The NASA DC-8 incident has been cited in this thread several times.

Allow me to quote from the official report, which can be downloaded here

Top of page 11:
The flight crew noted no change in cockpit readings, no St. Elmo’s fire, no odor or smoke, and no
change in engine instruments. They did notice that no stars were visible, but this is typical of flight
through high cirrus clouds. After seven minutes the crew noticed that the stars had reappeared, and at about this time the
scientists reported that the research instrument readings had returned to normal. There was still no change
in engine or airplane instrument readings.
So, this was a flight at night through an ash cloud that was so thick that it was able to obscure the stars. Conclusion: this ash cloud would have been easily distinguishable by daylight VMC.

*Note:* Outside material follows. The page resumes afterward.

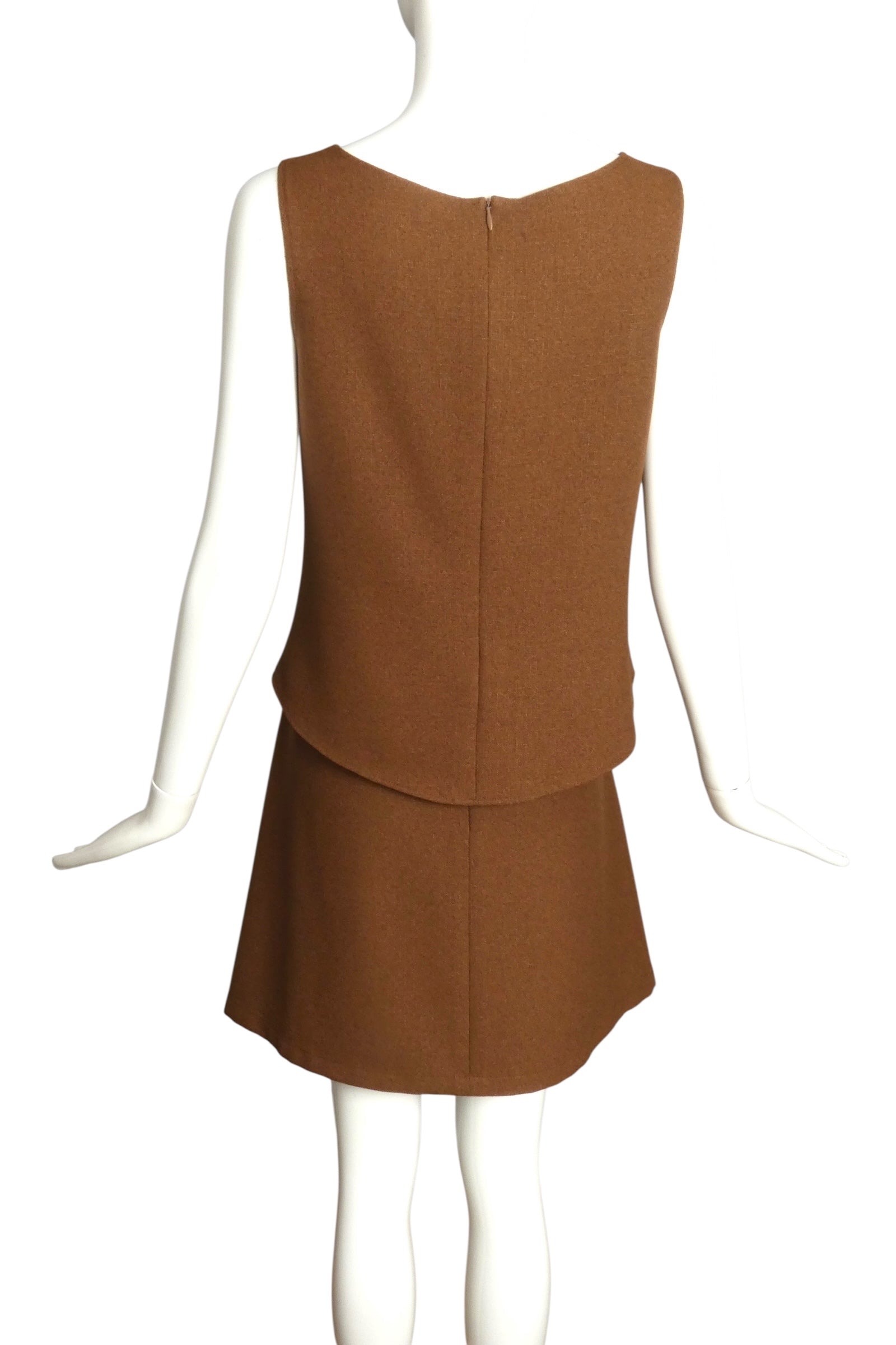 Description: This charming 1990s ensemble from Pierre Cardin Boutique features a playful brown sleeveless knit top with a scoop neckline and standout white grommet details down the front. The matching skirt hugs the waist and hips with darts for a flattering fit, all without a waistband for smooth comfort. Perfect for adding a quirky vintage vibe to your wardrobe!

The research instrument readings returned to normal as soon as the stars had reappeared. This would suggest to me that no visible ashes, also means that no significant ash concentrations are likely to be present or even measurable.

This incident further shows that even flying through an ash cloud so thick that it can obscure the stars did not cause anything catastrophic to happen to the flight. (apart from the bill afterwards)

So allow me to use to use this incident to reinforce my ideas that keeping a flight clear of any visible ash concentration will keep the flight safe.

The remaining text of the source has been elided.